I suspect your query parameters for WordDelimiterFilterFactory doesn't have
catenate words set.
What do you see when you enter these in both the index and query portions
of the admin/analysis page?
Thanks Erick!
Our WordDelimiterFilterFactory does have catenate words set, in both
index and query phases (is that right?):
<filter class="solr.WordDelimiterFilterFactory" generateWordParts="1"
generateNumberParts="1" catenateWords="1" catenateNumbers="1"
catenateAll="0" splitOnCaseChange="1"/>
It's hard to cut and paste the results of the analysis page into email
(or anywhere!), I'll give you screenshots, sorry -- and I'll give them
for our whole real world app complex field definition.

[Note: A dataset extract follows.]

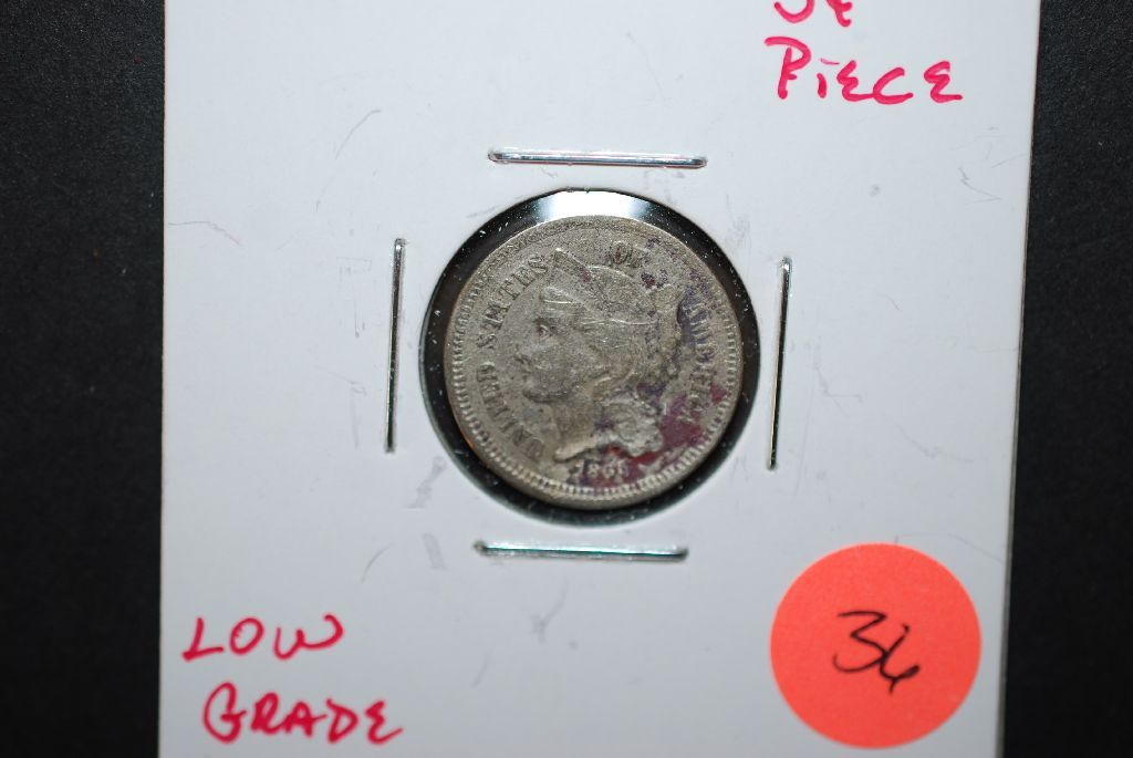 1866 US Three Cent Piece; Low Grade; EST. $5-10

I'll also paste
in our entire field definition below. But I realize my next step is
probably creating a simpler isolation/reproduction case (unless you have
a magic answer from this!).
Again, the problem is that "MacBook" seems to be only matching on
indexed "macbook" and not indexed "mac book".
"MacBook" query analysis:
https://www.dropbox.com/s/b8y11usjdlc88un/mixedcasequery.png
"MacBook" index analysis:
https://www.dropbox.com/s/fwae3nz4tdtjhjv/mixedcaseindex.png
"mac book" index analysis:
https://www.dropbox.com/s/mihd58f6zs3rfu8/twowordindex.png
Our entire actual field definition:
<fieldType name="text" class="solr.TextField"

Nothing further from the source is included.